● Material shown:

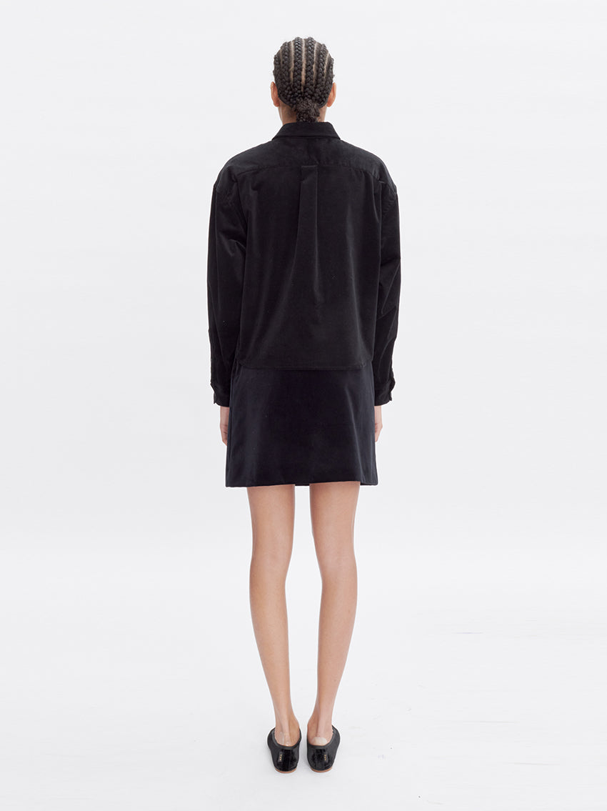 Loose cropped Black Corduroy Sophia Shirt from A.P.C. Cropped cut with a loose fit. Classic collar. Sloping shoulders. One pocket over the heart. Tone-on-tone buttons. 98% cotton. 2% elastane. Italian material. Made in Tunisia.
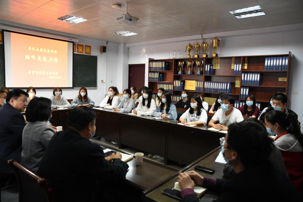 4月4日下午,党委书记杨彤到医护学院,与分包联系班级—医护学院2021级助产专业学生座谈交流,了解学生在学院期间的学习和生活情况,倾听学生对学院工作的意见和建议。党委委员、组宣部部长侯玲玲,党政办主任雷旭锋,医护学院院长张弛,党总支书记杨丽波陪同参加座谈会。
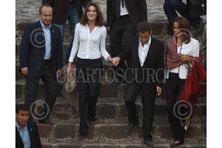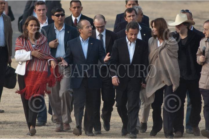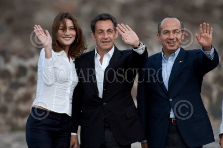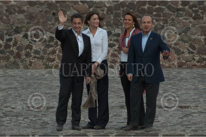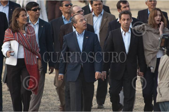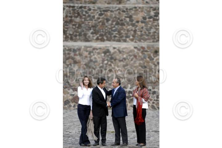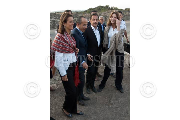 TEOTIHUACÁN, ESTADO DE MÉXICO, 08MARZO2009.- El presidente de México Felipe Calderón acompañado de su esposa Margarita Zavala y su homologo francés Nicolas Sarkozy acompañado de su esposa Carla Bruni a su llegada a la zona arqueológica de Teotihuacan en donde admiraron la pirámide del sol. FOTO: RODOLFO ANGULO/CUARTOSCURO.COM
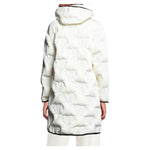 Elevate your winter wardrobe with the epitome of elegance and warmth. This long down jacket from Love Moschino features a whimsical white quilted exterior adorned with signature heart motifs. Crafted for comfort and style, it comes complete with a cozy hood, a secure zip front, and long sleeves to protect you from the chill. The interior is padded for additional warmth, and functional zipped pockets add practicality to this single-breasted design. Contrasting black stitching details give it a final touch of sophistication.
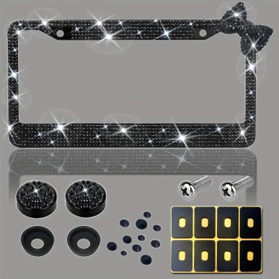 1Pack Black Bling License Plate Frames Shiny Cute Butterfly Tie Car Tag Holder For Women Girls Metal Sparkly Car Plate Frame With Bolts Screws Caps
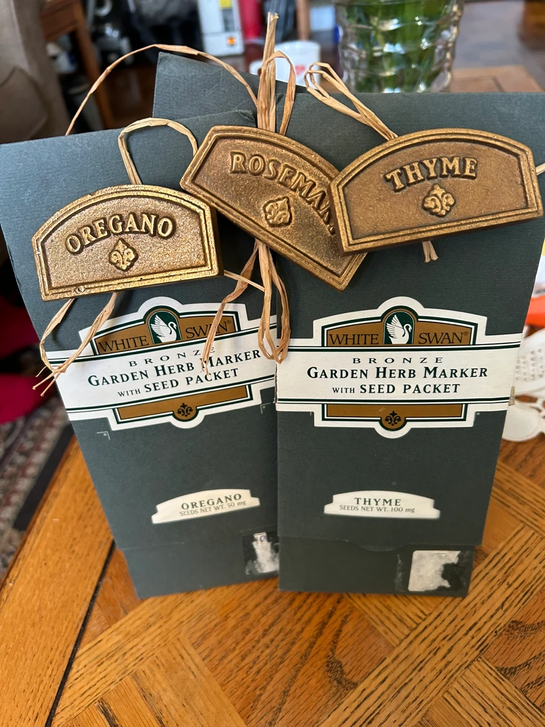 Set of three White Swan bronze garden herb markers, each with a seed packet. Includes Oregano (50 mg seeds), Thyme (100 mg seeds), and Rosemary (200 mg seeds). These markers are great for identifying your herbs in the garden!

● Try it:
Copy the listing exactly. Any image in it stays out of the copy.

● Answer for this exercise:
 Loose cropped Black Corduroy Sophia Shirt from A.P.C. Cropped cut with a loose fit. Classic collar. Sloping shoulders. One pocket over the heart. Tone-on-tone buttons. 98% cotton. 2% elastane. Italian material. Made in Tunisia.
 4月4日下午,党委书记杨彤到医护学院,与分包联系班级—医护学院2021级助产专业学生座谈交流,了解学生在学院期间的学习和生活情况,倾听学生对学院工作的意见和建议。党委委员、组宣部部长侯玲玲,党政办主任雷旭锋,医护学院院长张弛,党总支书记杨丽波陪同参加座谈会。
 TEOTIHUACÁN, ESTADO DE MÉXICO, 08MARZO2009.- El presidente de México Felipe Calderón acompañado de su esposa Margarita Zavala y su homologo francés Nicolas Sarkozy acompañado de su esposa Carla Bruni a su llegada a la zona arqueológica de Teotihuacan en donde admiraron la pirámide del sol. FOTO: RODOLFO ANGULO/CUARTOSCURO.COM
 Elevate your winter wardrobe with the epitome of elegance and warmth. This long down jacket from Love Moschino features a whimsical white quilted exterior adorned with signature heart motifs. Crafted for comfort and style, it comes complete with a cozy hood, a secure zip front, and long sleeves to protect you from the chill. The interior is padded for additional warmth, and functional zipped pockets add practicality to this single-breasted design. Contrasting black stitching details give it a final touch of sophistication.
 1Pack Black Bling License Plate Frames Shiny Cute Butterfly Tie Car Tag Holder For Women Girls Metal Sparkly Car Plate Frame With Bolts Screws Caps
 Set of three White Swan bronze garden herb markers, each with a seed packet. Includes Oregano (50 mg seeds), Thyme (100 mg seeds), and Rosemary (200 mg seeds). These markers are great for identifying your herbs in the garden!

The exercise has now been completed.